Balanced set in $\mathbb{K}$

Question

Let $A$ be a balanced set in $\mathbb{K}$. Why do we have : if $A$ is not bounded then $A=\mathbb{K}$ ?

Answer 1

Let $\mathbb{K}$ be a field with an absolute value function $\lvert - \rvert : \mathbb{K} \to \mathbb{R}$. If $A$ is balanced, then for each $x \in A$ and each $\lambda \in \mathbb{K}$ such that $\lvert \lambda \rvert \le 1$ we have $\lambda x \in A$.

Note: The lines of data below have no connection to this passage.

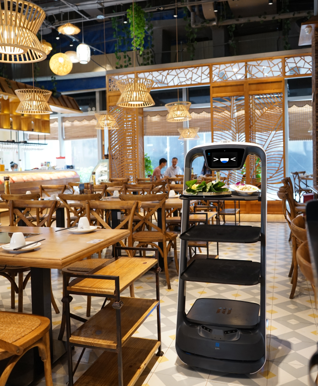 普渡机器人“欢乐送”工作中
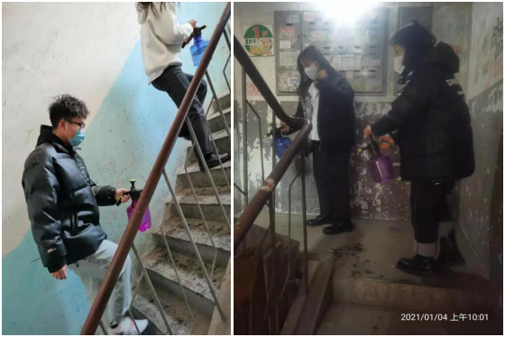 为了人们安全出行和维护小区环境整洁美观,齐齐哈尔工程学院GY-292组初祥瑞、赵鑫、徐天宇、李奕霖,于2021年1月4日在肇东市利用假期时间,进行无偿自发性公益活动帮助社区工作人员进行小区内楼道消毒,共同做好防护病毒的准备。
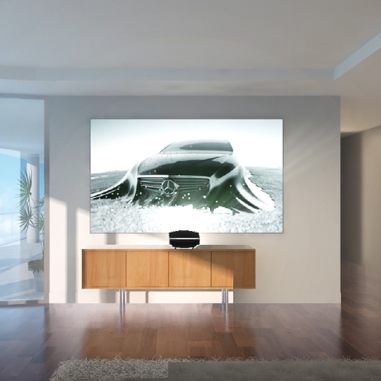 (激光电视是采用反射式超短焦投影机和投影布幕组成,但在开灯环境下画面相行失色,必需结合抗光布幕才能把激光显示全面普及。)
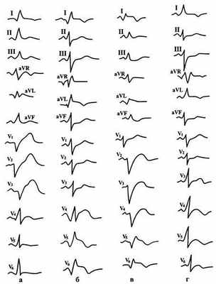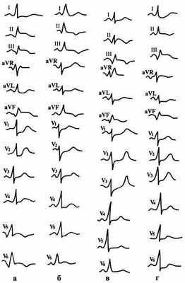 а) наибольшие трудности связаны с блокадой ЛНПГ и ее ветвей. Признаки переднего инфаркта миокарда обычно нивелируются при полной блокаде ЛНПГ. В этих случаях в диагностике могут помочь изменения сегмента ST и зубца Т во времени, а также наличие QS, QR в V4. Эта блокада также может маскировать и признаки нижнего инфаркта миокарда. Если инфаркт миокарда распространяется на межжелудочковую перегородку, то тогда в III, II, aVF отведениях может появиться зубец q;
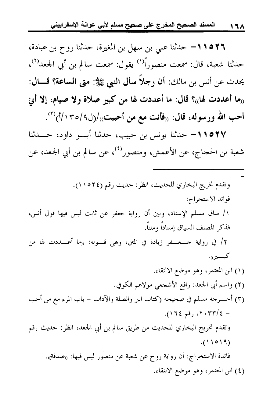 11526 - حدثنا علي بن سهل بن المغيرة، حدثنا روح بن عبادة، حدثنا شعبة، قال: سمعت منصورًا (¬1) يقول: سمعت سالم بن أبي الجعد (¬2)، يحدث عن أنس بن مالك: أن رجلًا سأل النبي -صلى الله عليه وسلم-: متى الساعة؟ قال: "ما أعددت لها"؟ قال: ما أعددت لها من كبير صلاة ولا صيام، إلا أني أحب الله ورسوله، قال: "فأنت مع من أحببت" (¬3).
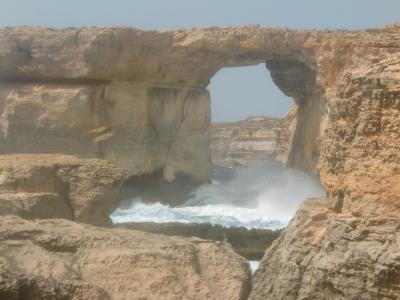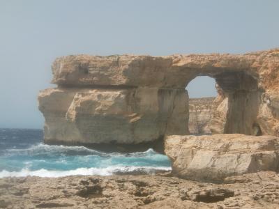 ゴゾ島のイムジャ-ル港からホップオンホップオフのバスでアズ-ルウインドウまで行きア-チに上がって先端から海を覗きこみました。

Hence obviously $0 \in A$.

For $x \in A \setminus \{ 0 \}$ we have $r = \lvert x \rvert > 0$. We show that $D(r) = \{ y \in \mathbb{K} \mid \lvert y \rvert \le r \} \subset A$. So let $y \in \mathbb{K} \setminus \{ 0 \}$ such that $\lvert y \rvert \le r$. Then $\lvert y/x \rvert = \lvert y \rvert/ \lvert x \rvert \le r/r = 1$, hence $y = y/x \cdot x \in A$.

Let $z \in \mathbb{K}$. Since $A$ is unbounded, there exists $x \in A$ such that $\lvert z \rvert \le \lvert x \rvert = r$. We conclude $z \in D(r) \subset A$.